Philip Lindsay on 29th January 2013

'Opt out' - isn't that an interesting expression? Doesn't it trigger negative connotations (which, I guess, could also be a function of how we are socialised to 'fit in' or...not!). A review of my own career shows that, after 14 years in corporates, I decided to go 'independent' (1989) and for a number of reasons - those being (and not necessarily in order of importance): - I could not endure standing up during another train journey into London - I was uninterested in the job content of the next level up (albeit that the rewards were highly attractive) - I had been told several times during my career that I couldn't be (or present myself as being) 'who I am' and still get promoted - but I'd stay employed - basically I liked 'me' and had a degree or arrogance about being independent. Therefore, the decision to stay within a corporate structure or 'opt out' into independence was driven by largely whimsical (i.e. non-commercial) and somewhat arrogant notions - given that 'capability' was accepted internally and not a job threat. While there may be a need to change the expression of reasons and conditions quoted above to meet your circumstances, I really wonder whether there are will be any substantive differences between professional women and men in terms of what drives their career choices )e.g. to stay within corporates or go independent). But what about the differences between men and women seeking success in corporate life? While some glass ceilings for women may still be there, there are cracks - and there are more conscious considerations of women's contributions and needs. But is there concerted action to look towards mens' needs now (e.g. paternity leave)? I'm less sure about this - what surveys on working conditions do you see asking for 'men only' suggestions? Precious few, I suggest. I believe that 'men' are not currently on the political agenda - and, in correcting itself, maybe the pendulum has swung too far.

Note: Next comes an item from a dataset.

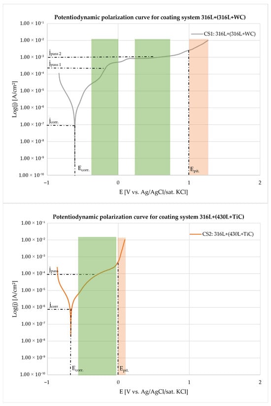 Grey cast iron brake discs are widely used in automotive applications due to their excellent thermal and mechanical properties. However, stricter environmental regulations such as Euro 7 demand improved surface durability to reduce particulate emissions and corrosion-related failures. This study evaluates multilayer coatings fabricated by Laser Metal Deposition (LMD) as a potential solution. Two multi-layer systems were investigated: 316L + (316L + WC) and 316L + (430L + TiC), which were primarily reinforced with ceramic additives to increase wear resistance, with their influence on corrosion being critically evaluated. Electrochemical tests in 5 wt.% NaCl solution (DIN 17475) revealed that the 316L + (316L + WC) coating exhibited the lowest corrosion current density and most stable passive behavior, consistent with the inherent passivation of the austenitic 316L matrix. In contrast, the 316L + (430L + TiC) system showed localized corrosion associated with micro-galvanic interactions, despite the chemical stability of TiC particles. Post-corrosion SEM and EDS confirmed chromium depletion and chloride accumulation at corroded sites, while WC particles exhibited partial dissolution. These findings highlight that ceramic reinforcements do not inherently improve corrosion resistance and may introduce localized degradation mechanisms. Nevertheless, LMD-fabricated multilayer coatings demonstrate potential for extending brake disc service life, provided that matrix–reinforcement interactions are carefully optimized. Full article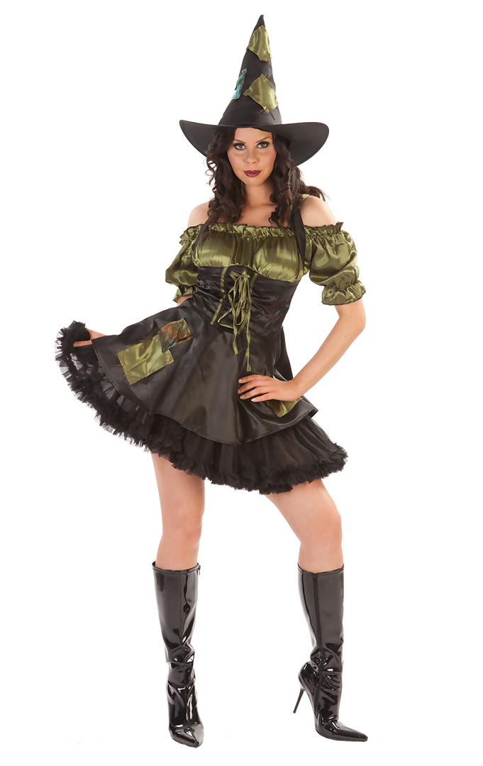 Going to a Halloween party and want to make a bewitching entrance? Fancy flying in on your broomstick in gooey green and midnight black? Look fashionably creepy with the Adult Green Patch Witch Costume and cackle all the way home!

Trisha Cochrane on 21st January 2013

Some good questions Maggi. It seems to me that most men don't have a choice: socialised themselves into being the 'bread-winner' and therefore (for most?) not able to opt out of corporate life. I've felt extremely lucky that I too was able to opt for a flexible career. However, I don't feel I made very informed choices, so I would very much have liked some role models and coaching/training to help me think about the reality of the 'choices' I was making. For my female friends still working in corporate life, more flexibility from their employers has indeed helped them both to survive and thrive. But it seems not enough employers do offer these opportunities. On the one hand they are undertaking all sorts of initiatives to encourage women up the corporate ladder, but not making their working conditions flexible enough for those who are parents or for those who simply want to have more of a balance. I would love to hear from the men who have made similar choices to opt out of corporate life - what was your experience?